— Records for the task —
*** Block opens ***

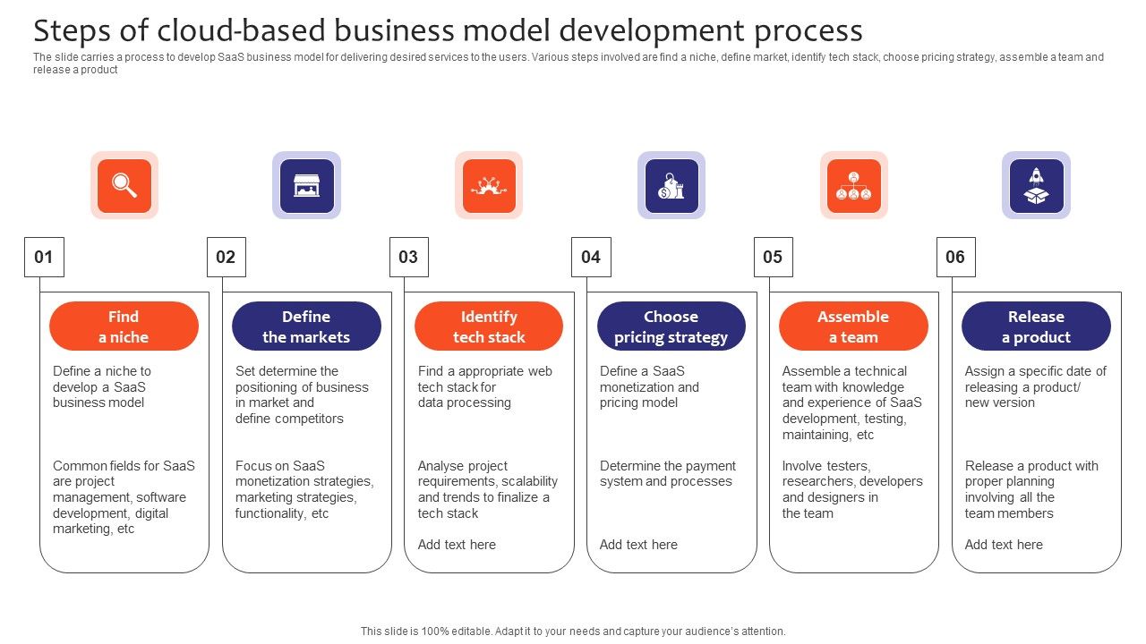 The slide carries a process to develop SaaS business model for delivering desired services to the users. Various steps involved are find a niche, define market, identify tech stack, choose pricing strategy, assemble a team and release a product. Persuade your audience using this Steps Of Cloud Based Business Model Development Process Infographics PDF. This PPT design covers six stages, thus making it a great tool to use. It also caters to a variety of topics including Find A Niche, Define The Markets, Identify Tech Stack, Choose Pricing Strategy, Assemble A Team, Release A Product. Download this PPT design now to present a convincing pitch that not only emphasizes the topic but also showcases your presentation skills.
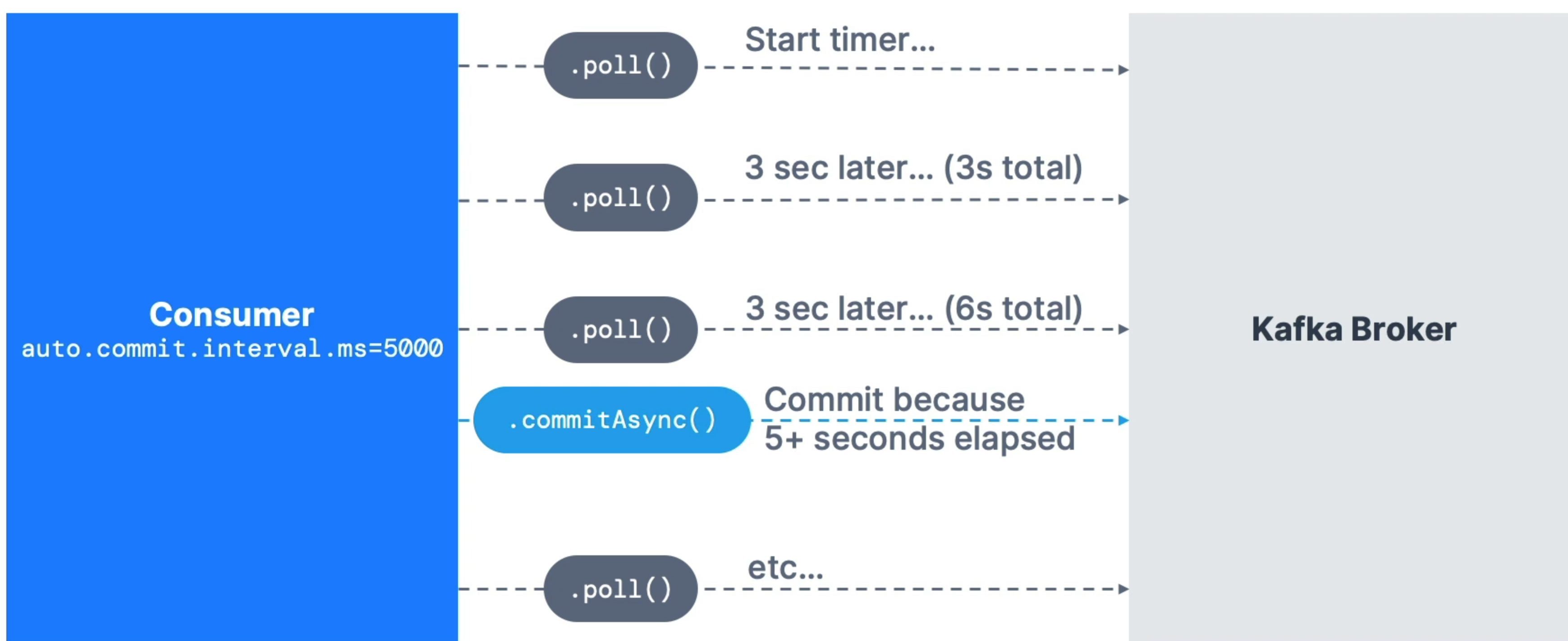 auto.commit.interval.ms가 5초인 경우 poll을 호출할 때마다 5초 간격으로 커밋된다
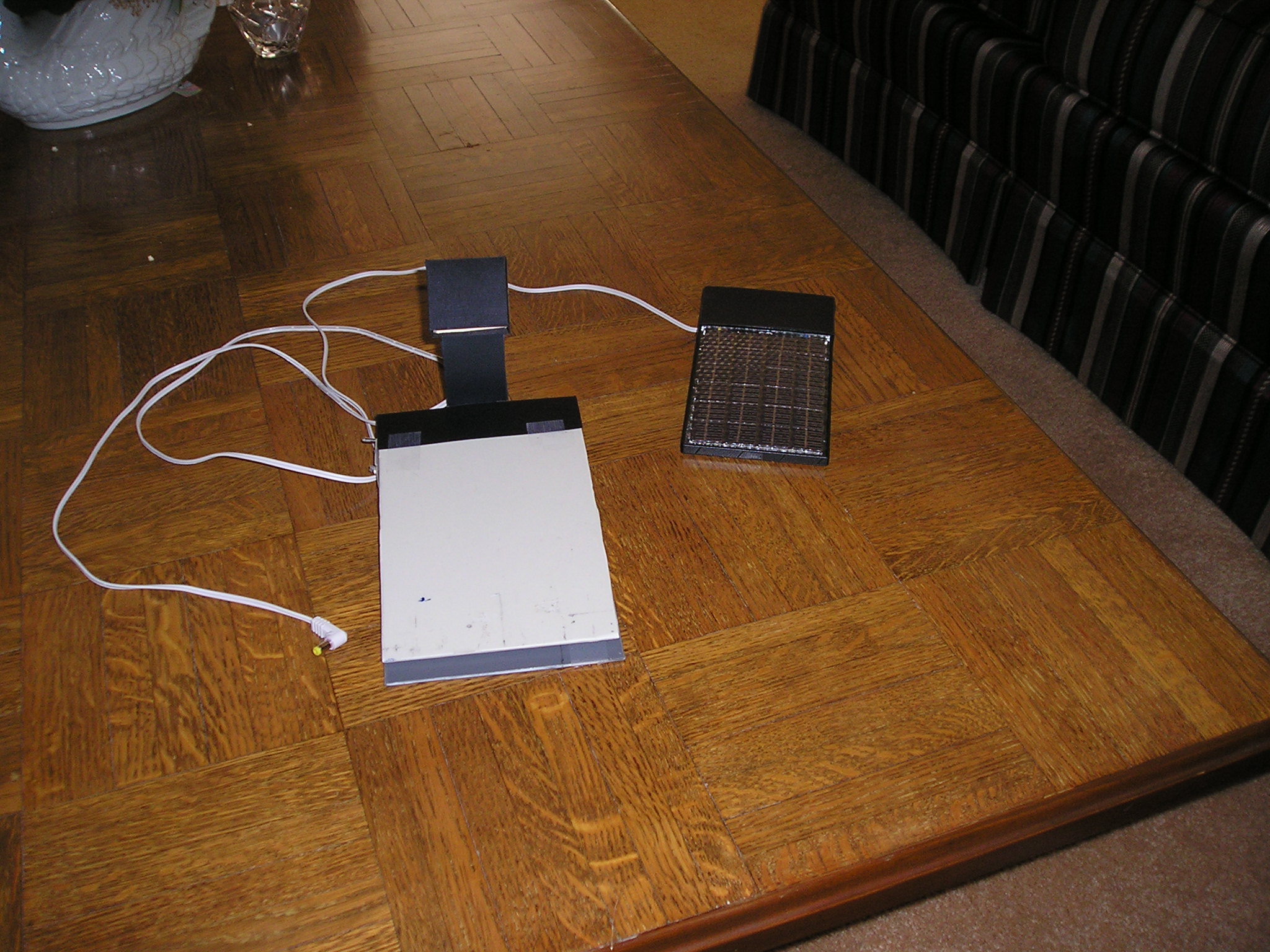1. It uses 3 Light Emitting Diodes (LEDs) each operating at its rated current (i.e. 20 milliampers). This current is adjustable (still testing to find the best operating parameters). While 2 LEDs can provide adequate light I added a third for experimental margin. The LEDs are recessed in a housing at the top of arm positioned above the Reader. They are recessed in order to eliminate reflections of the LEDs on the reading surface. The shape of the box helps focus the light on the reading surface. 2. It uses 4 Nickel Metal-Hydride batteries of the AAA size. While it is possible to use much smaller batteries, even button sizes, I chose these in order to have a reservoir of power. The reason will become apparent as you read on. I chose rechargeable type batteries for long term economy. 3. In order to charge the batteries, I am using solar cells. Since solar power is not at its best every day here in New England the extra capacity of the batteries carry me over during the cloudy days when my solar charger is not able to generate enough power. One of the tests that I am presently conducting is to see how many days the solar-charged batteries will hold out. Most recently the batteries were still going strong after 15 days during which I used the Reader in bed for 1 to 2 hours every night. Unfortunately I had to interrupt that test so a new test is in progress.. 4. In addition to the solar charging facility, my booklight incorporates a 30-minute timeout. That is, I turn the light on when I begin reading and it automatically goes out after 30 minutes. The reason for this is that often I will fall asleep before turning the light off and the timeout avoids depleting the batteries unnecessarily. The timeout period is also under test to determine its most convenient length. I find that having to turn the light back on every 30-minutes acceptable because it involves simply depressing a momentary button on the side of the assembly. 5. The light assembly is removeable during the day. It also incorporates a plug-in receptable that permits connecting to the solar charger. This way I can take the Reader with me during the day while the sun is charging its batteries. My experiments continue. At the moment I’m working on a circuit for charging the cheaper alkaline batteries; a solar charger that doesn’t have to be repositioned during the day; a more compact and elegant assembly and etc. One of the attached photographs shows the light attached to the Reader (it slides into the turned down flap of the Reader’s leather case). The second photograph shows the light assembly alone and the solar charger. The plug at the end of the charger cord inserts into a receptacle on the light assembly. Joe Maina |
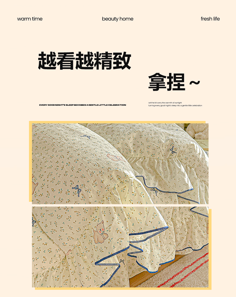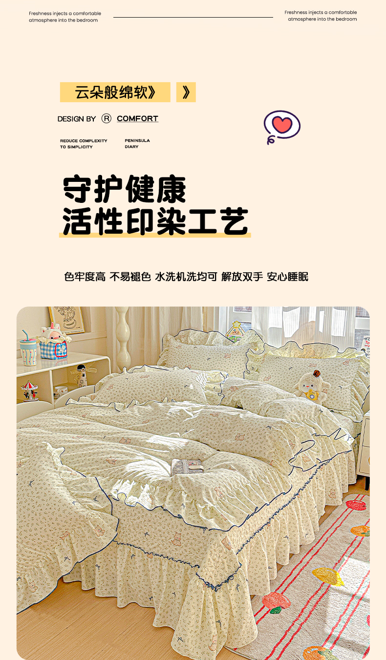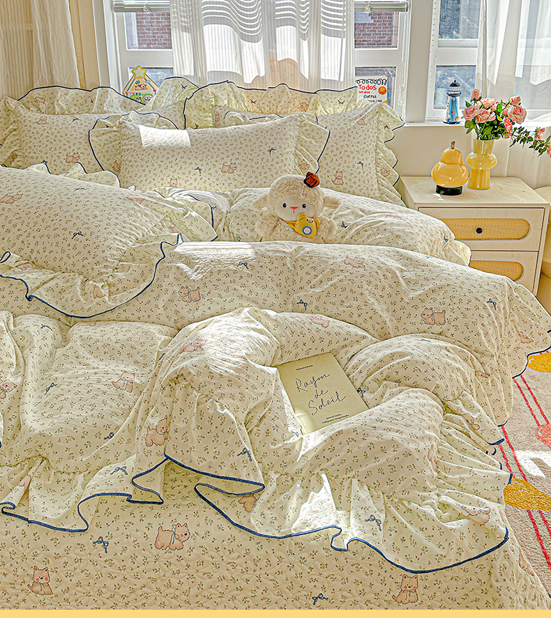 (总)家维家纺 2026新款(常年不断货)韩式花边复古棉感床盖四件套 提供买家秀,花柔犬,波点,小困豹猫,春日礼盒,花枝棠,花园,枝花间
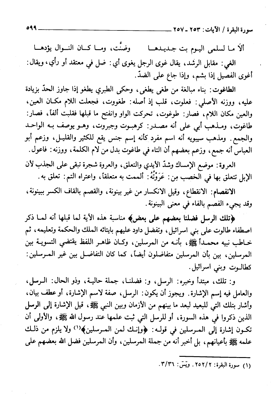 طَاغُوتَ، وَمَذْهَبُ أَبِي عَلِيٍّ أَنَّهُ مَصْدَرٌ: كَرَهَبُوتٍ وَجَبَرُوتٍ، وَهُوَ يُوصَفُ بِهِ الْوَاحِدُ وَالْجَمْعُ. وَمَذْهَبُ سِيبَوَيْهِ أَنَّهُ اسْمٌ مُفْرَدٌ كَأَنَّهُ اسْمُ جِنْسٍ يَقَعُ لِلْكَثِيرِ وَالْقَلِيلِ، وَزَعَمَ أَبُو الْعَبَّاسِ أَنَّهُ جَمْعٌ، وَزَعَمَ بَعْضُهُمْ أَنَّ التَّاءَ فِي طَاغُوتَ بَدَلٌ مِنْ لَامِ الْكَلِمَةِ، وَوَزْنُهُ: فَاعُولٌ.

*** Block closes ***

— About this task —
When you retype the data above, match every line exactly and leave the pictures behind.

— Solution to the problem —
 The slide carries a process to develop SaaS business model for delivering desired services to the users. Various steps involved are find a niche, define market, identify tech stack, choose pricing strategy, assemble a team and release a product. Persuade your audience using this Steps Of Cloud Based Business Model Development Process Infographics PDF. This PPT design covers six stages, thus making it a great tool to use. It also caters to a variety of topics including Find A Niche, Define The Markets, Identify Tech Stack, Choose Pricing Strategy, Assemble A Team, Release A Product. Download this PPT design now to present a convincing pitch that not only emphasizes the topic but also showcases your presentation skills.
 auto.commit.interval.ms가 5초인 경우 poll을 호출할 때마다 5초 간격으로 커밋된다
1. It uses 3 Light Emitting Diodes (LEDs) each operating at its rated current (i.e. 20 milliampers). This current is adjustable (still testing to find the best operating parameters). While 2 LEDs can provide adequate light I added a third for experimental margin. The LEDs are recessed in a housing at the top of arm positioned above the Reader. They are recessed in order to eliminate reflections of the LEDs on the reading surface. The shape of the box helps focus the light on the reading surface. 2. It uses 4 Nickel Metal-Hydride batteries of the AAA size. While it is possible to use much smaller batteries, even button sizes, I chose these in order to have a reservoir of power. The reason will become apparent as you read on. I chose rechargeable type batteries for long term economy. 3. In order to charge the batteries, I am using solar cells. Since solar power is not at its best every day here in New England the extra capacity of the batteries carry me over during the cloudy days when my solar charger is not able to generate enough power. One of the tests that I am presently conducting is to see how many days the solar-charged batteries will hold out. Most recently the batteries were still going strong after 15 days during which I used the Reader in bed for 1 to 2 hours every night. Unfortunately I had to interrupt that test so a new test is in progress.. 4. In addition to the solar charging facility, my booklight incorporates a 30-minute timeout. That is, I turn the light on when I begin reading and it automatically goes out after 30 minutes. The reason for this is that often I will fall asleep before turning the light off and the timeout avoids depleting the batteries unnecessarily. The timeout period is also under test to determine its most convenient length. I find that having to turn the light back on every 30-minutes acceptable because it involves simply depressing a momentary button on the side of the assembly. 5. The light assembly is removeable during the day. It also incorporates a plug-in receptable that permits connecting to the solar charger. This way I can take the Reader with me during the day while the sun is charging its batteries. My experiments continue. At the moment I’m working on a circuit for charging the cheaper alkaline batteries; a solar charger that doesn’t have to be repositioned during the day; a more compact and elegant assembly and etc. One of the attached photographs shows the light attached to the Reader (it slides into the turned down flap of the Reader’s leather case). The second photograph shows the light assembly alone and the solar charger. The plug at the end of the charger cord inserts into a receptacle on the light assembly. Joe Maina |
 (总)家维家纺 2026新款(常年不断货)韩式花边复古棉感床盖四件套 提供买家秀,花柔犬,波点,小困豹猫,春日礼盒,花枝棠,花园,枝花间
 طَاغُوتَ، وَمَذْهَبُ أَبِي عَلِيٍّ أَنَّهُ مَصْدَرٌ: كَرَهَبُوتٍ وَجَبَرُوتٍ، وَهُوَ يُوصَفُ بِهِ الْوَاحِدُ وَالْجَمْعُ. وَمَذْهَبُ سِيبَوَيْهِ أَنَّهُ اسْمٌ مُفْرَدٌ كَأَنَّهُ اسْمُ جِنْسٍ يَقَعُ لِلْكَثِيرِ وَالْقَلِيلِ، وَزَعَمَ أَبُو الْعَبَّاسِ أَنَّهُ جَمْعٌ، وَزَعَمَ بَعْضُهُمْ أَنَّ التَّاءَ فِي طَاغُوتَ بَدَلٌ مِنْ لَامِ الْكَلِمَةِ، وَوَزْنُهُ: فَاعُولٌ.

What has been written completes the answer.